The Hoax of Mental Illness: Stick Out Your Thought And Say "Ahhh!"  


How does one differentiate/diagnose an 'ill' thought from a 'well' thought? Is my desire to kill someone intrinsically 'ill'? Not if I'm defending myself or my family from someone with intent to murder. However, if I believe someone to have intent of murdering me but that person is behaving peacefully, then one can rightly diagnose my thoughts to kill as being caused by schizophrenia. We therefore see there is no such thing as an 'ill' thought, since an 'ill' thought is a 'well' thought in another setting, but we do see there is such a thing as schizophrenia, which is caused by a chemical imbalance in the brain, and is treated with drugs.

Or put another way…

If I defend myself by killing someone who is trying to kill me, how does that though to kill differ from someone who has the same thought to kill but is suffering from schizophrenia, where the person he believes is trying to kill him is actually behaving peacefully? We therefore see there is no such thing as an 'ill' thought, since an 'ill' thought is a 'well' thought in another setting, but we do see there is such a thing as schizophrenia, which is caused by a chemical imbalance in the brain, and is treated with drugs. By definition a thought can never be ill, only the physical brain can be ill. Thoughts are neither  ‘well’ nor ‘ill’. Thoughts are merely representations of what we believe reality to be, and that perception of reality can be adversely affected by a neurological illness, not a mental illness. Medical science has no jurisdiction over thoughts.

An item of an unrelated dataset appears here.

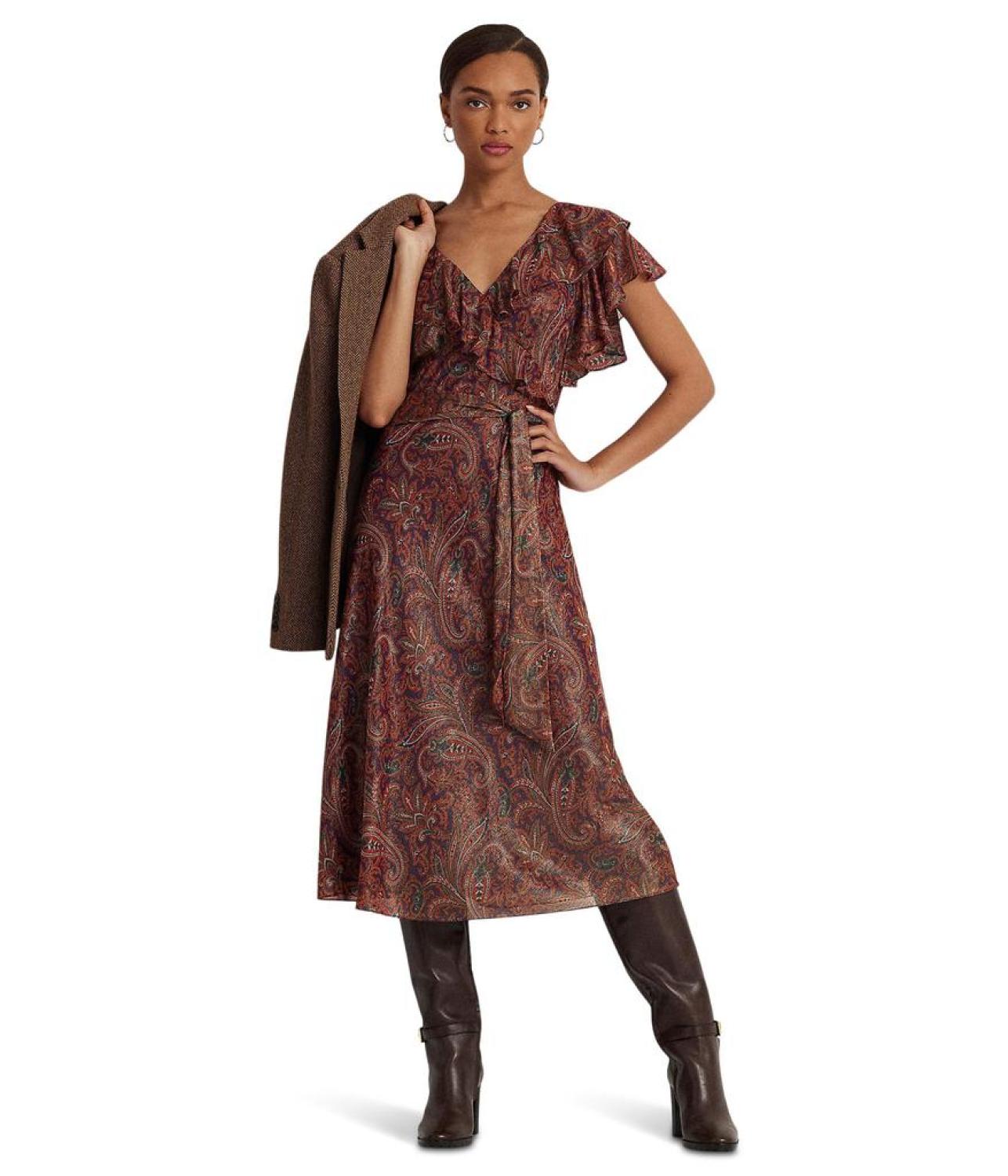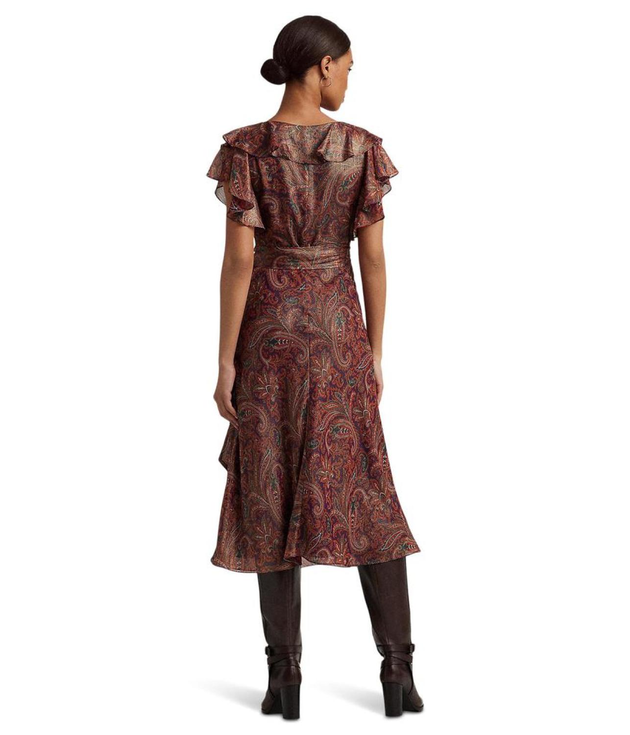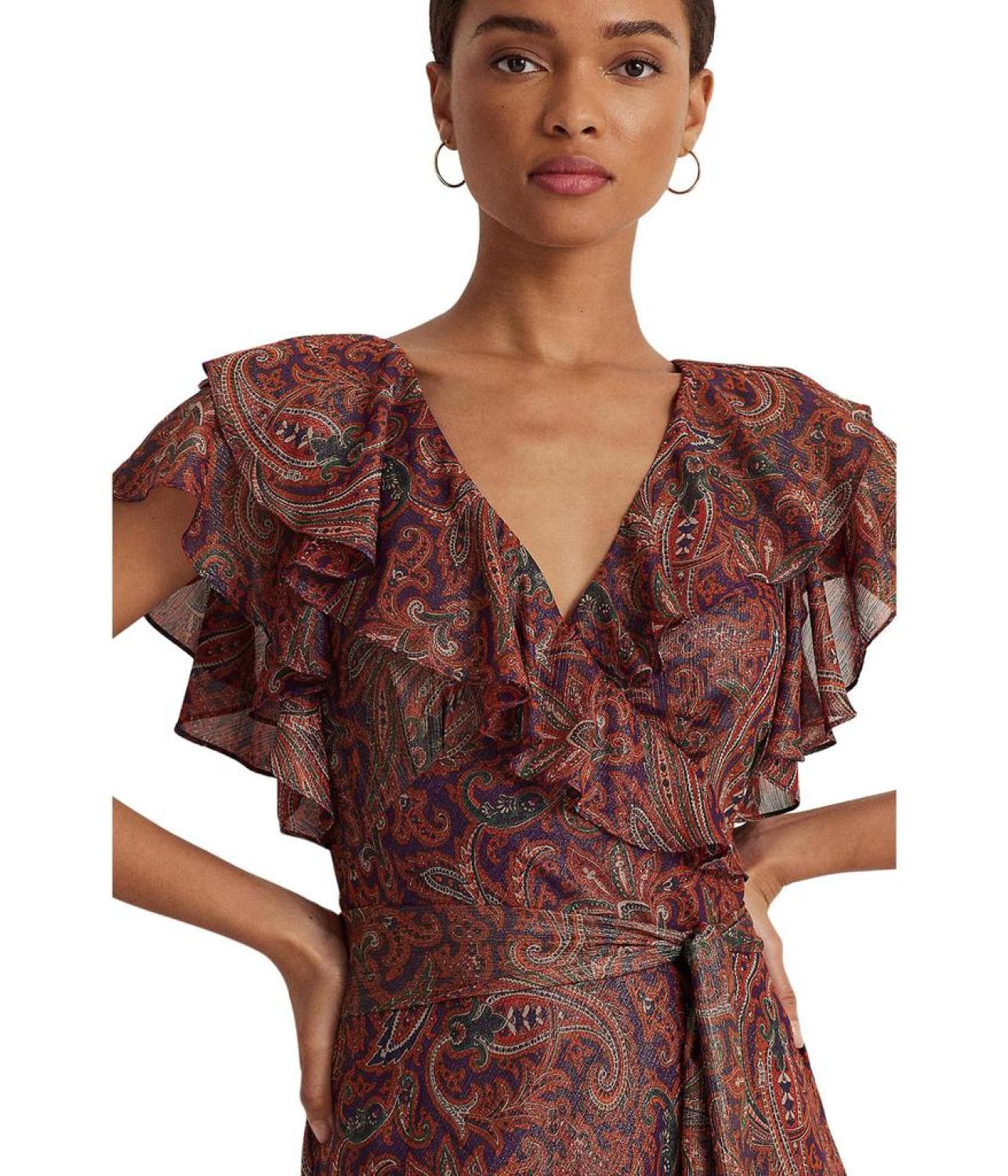 Look pretty everyday by dancing around in the lovely and lightweight LAUREN Ralph Lauren® Print Ruffle-Trim Metallic Chiffon Dress with an iconic empire waist and short flutter sleeves.

One’s emotions, too, are representations of what we believe reality to be, whether the reality is based on internal stimuli or external stimuli. For example, feelings of paranoia can be based on concerns that are real or totally imagined, but an imagined concern cannot be called ill since the same paranoid feeling in another setting is ‘well’.  Emotions are neither  ‘well’ nor ‘ill’. Emotions are merely representations of what we believe reality to be, and that perception of reality can be adversely affected by a neurological illness, not a mental illness. Medical science has no jurisdiction over emotions.

Even critics of mental illness have failed to observe this basic principle of science. Dr. Thomas Szasz broke ground in 1961 with his psychiatry-bashing book The Myth of Mental Illness: Foundations of a Theory of Personal Conduct, seeing mental illness as the excuse a patient uses to evade life’s difficulties-expectations. Nowhere in the book, however, does Szasz mention why mental processes – thoughts and emotions – can’t be ill! 

Mental illness propagandists are Marxists, preparing for the new ‘liberated’ world, which necessitates involuntary incarceration of those who would upset Marxists’ plans. And as in all matters having to do with Marxist schemes, we have the false opposition ‘critics’ of mental illness. This false opposition tactic is what Marxists call the Scissors Strategy, in which the blades represent the two falsely opposed sides that converge on the confused victims, neutralizing true opposition to socialism, thereby allowing the advancement of socialism to the bewilderment of the true opposition.